Икер отдал капитану одну из своих дорожных циновок. Капитан, довольный, начал маневрировать рулем, ведя корабль к берегу.

Как только был спущен трап, Икер и Северный Ветер сошли на берег. Юный писец был уверен, что двое гребцов не преминут сделать то же.

Но он ошибся.

Корабль уплыл.

— Мы должны теперь идти дольше, чем рассчитывали, — сказал Икер Северному Ветру. — Но, по крайней мере, нас никто не будет преследовать.

Ослик согласился с высказанной мыслью, и Икеру на душе полегчало.

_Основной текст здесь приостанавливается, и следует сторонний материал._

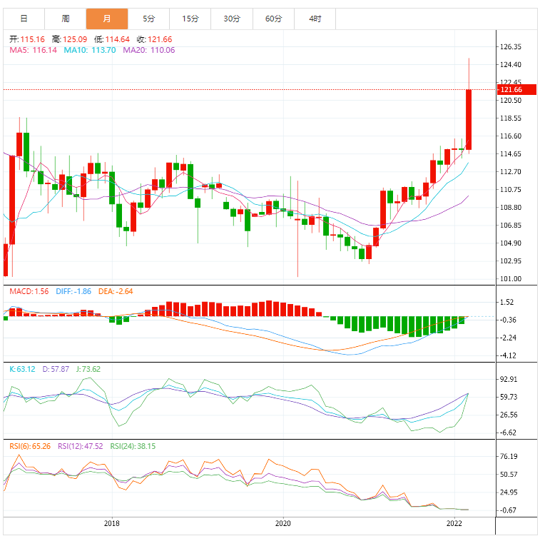 3月美元兑日元行情,美元兑日元从3月初的开盘价114.94至目前的121.73,美元兑日元3月整体下跌679点,其中在3月28日曾涨至最高点125.09。
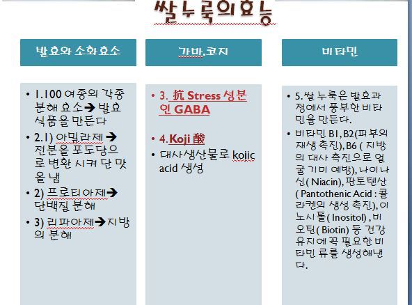 쌀누룩의 발효과정에서 생기는 소화효소에의해 육류와 생선을 숙성시켜 식감과맛을 좋게합니다,
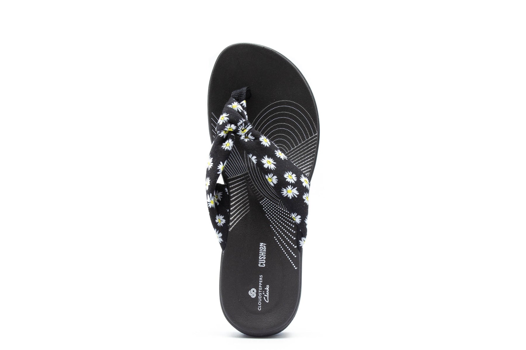 The Arla Glison from the Clarks® Cloudsteppers™ Collection provides the best of comfort technology with classic feminine appeal. A fabric upper gives it a playful edge and feels delicately soft between the toes. A Clarks Cushion Soft™ with OrthoLite® footbed ensures optimal comfort while an EVA midsole keeps it feather light. An ultra-wearable flip-flop with no shortage of personality.
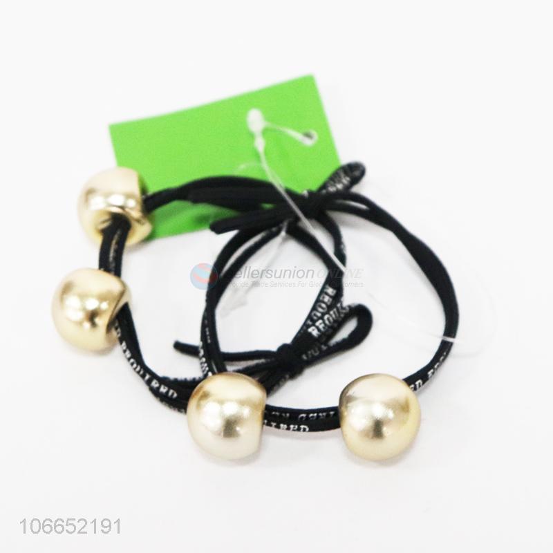 Promotional simple 2pcs round beads hair rings for women

— У этих двух типов лица и в самом деле подозрительные. Как же мне не быть недоверчивым после всего того, что со мной произошло?

Пока ослик лакомился чертополохом, Икер удостоверился, что весь его инструментарий писца на месте. Потом они продолжили свой путь на север, и тропинка повела их вдоль колосящихся полей.

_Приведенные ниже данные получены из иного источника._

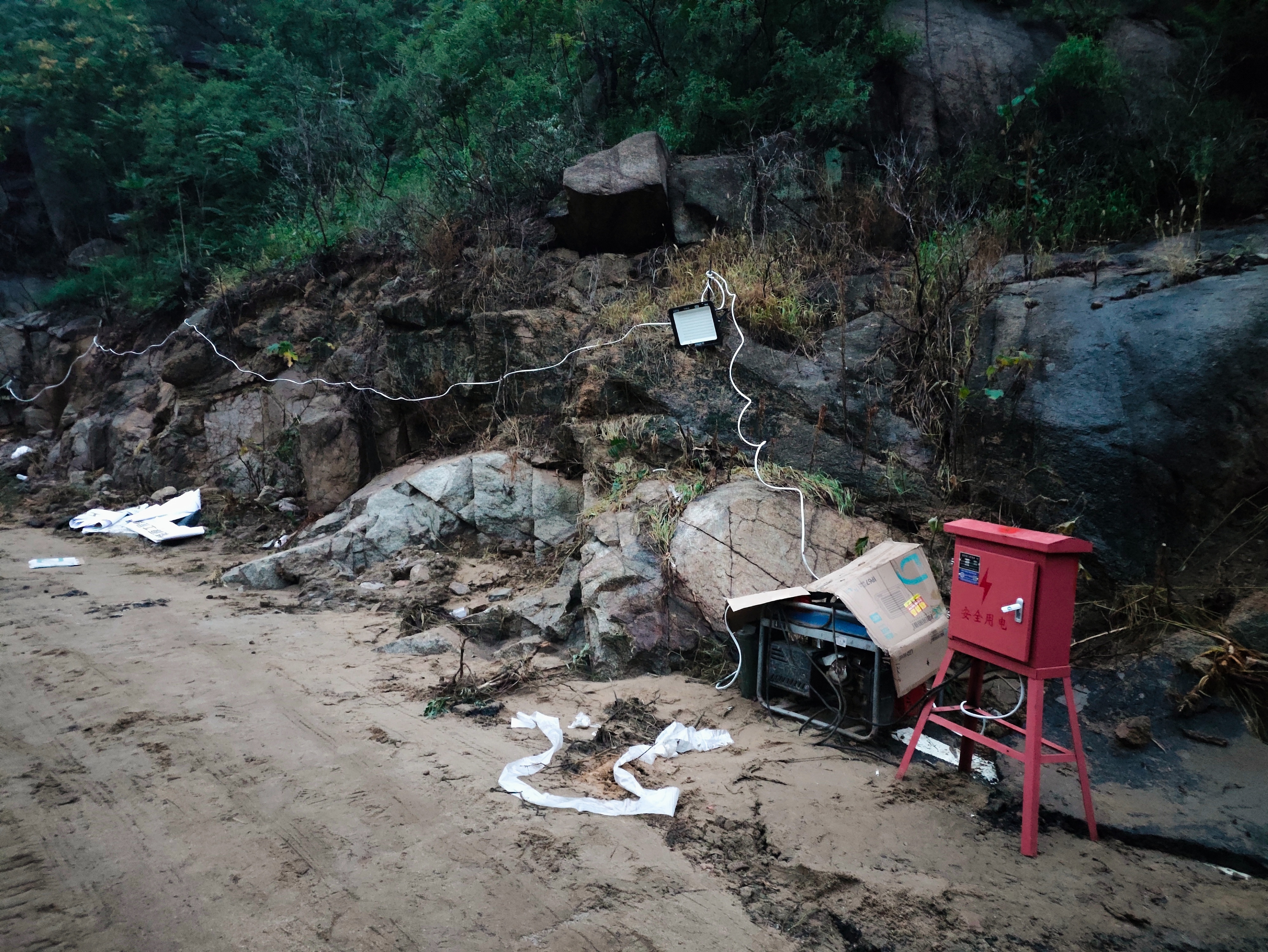 他们坐在大石块上歇一口气,从大王庄镇上采购晚饭的队友也将带回一顿热饭,餐后他们需要继续和雨水抢时间。“你看,架上了照明灯,今天晚上我们准备连夜赶工”。

— Меня мучает так много вопросов! Возможно, в Кахуне я найду ответы на них. Однако почему все отказываются рассказать мне о стране Пунт? Джехути открыл мне только часть правды. Если только он сам не знает больше моего! Может быть, я преувеличиваю его осведомленность? А тот, кто хотел меня устранить, это лично фараон! Но какой вред я ему причинил? Я — никто, я никоим образом не угрожаю его власти. И, тем не менее, он взялся именно за меня. Если бы я был благоразумнее, то убежал бы куда-нибудь и постарался сделать так, чтобы обо мне забыли. Но как бы ни был велик риск, я не могу отказаться от истины. И, кроме того, я хочу увидеть ее! Если я и хочу сражаться с судьбой, то только из-за нее!

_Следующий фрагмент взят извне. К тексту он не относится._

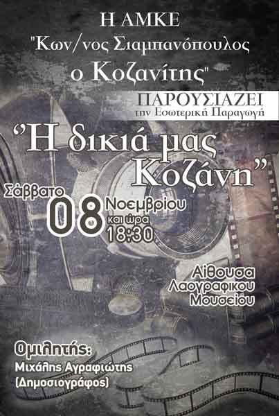 Στο πλαίσιο της συνέπειας που διακρίνει διαχρονικά την πολιτιστική δράση της εταιρείας μας στην περιοχή της Κοζάνης, δημιουργήσαμε μια Εσωτερική Παραγωγή με τον τίτλο με σκοπό την προβολή της πρωτεύουσας της Δυτικής Μακεδονίας στα ΜΜΕ, σε διαδικτυακά sites και φυσικά στο youtube και Vimeo.
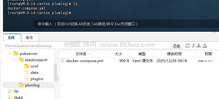 #创建conf文件夹 mkdir -p /home/pubserver/plumlog #进入到plumlog cd /home/pubserver/plumlog #创建plumlog.yml文件 touch docker-compose.yml

Северный Ветер сам решал, когда нужно остановиться на отдых, и выбирал для стоянок тенистые уголки, где можно было приятно вздремнуть перед тем, как снова отправляться в путь. На этом пути обоим путникам попадались только крестьяне — одни мрачные и неразговорчивые, другие приветливые. В одном крестьянском хозяйстве Икер составил несколько писем на адрес администрации района, с которой у их хозяина был конфликт. В обмен писцу дали продуктов на дорогу.

На подходе к богатой и процветающей провинции Файюм осел стал настойчиво реветь.

Вне всякого сомнения, он почувствовал опасность.

На самой вершине холма Икер увидел шакала. Высокие лапы, тонкая голова, пристальный взгляд, рассматривающий чужака, который осмелился проникнуть на его территорию. Вытянув вертикально шею, шакал издал странные пронзительные звуки, которые внимательно слушал Северный Ветер. Твердым шагом он направился к хищнику.

Икер понял, что оба зверя поговорили друг с другом. Разве шакал не был воплощением Анубиса, которому известны все дороги как в этом, так и в том мире?

Равняясь на быструю походку их проводника, который, однако, старался не дать им потеряться, оба товарища добрались до Рахенти, что переводилось как «устье канала», населенного пункта с большой плотиной и шлюзом, который регулировал поступление воды из рукава Нила в Фаюм. Благодаря ирригационным работам инженеров Сесостриса II, площадь обрабатываемых земель была увеличена, а орошение стало управляемым.

Несколько стражников преградили путникам дорогу.

— Военная зона, проход запрещен, — сказал старший по чину. — Кто ты и откуда идешь?

— Меня зовут Икер. Я писец из города Тота.

Стражник нехорошо улыбнулся.

— Не свисти! В твоем возрасте! Так я и поверил. А я, знаешь ли, главный генерал царского войска. У меня есть такая особенная черта: я вывожу на чистую воду врунов. Но, между нами, ты мог бы соврать и получше.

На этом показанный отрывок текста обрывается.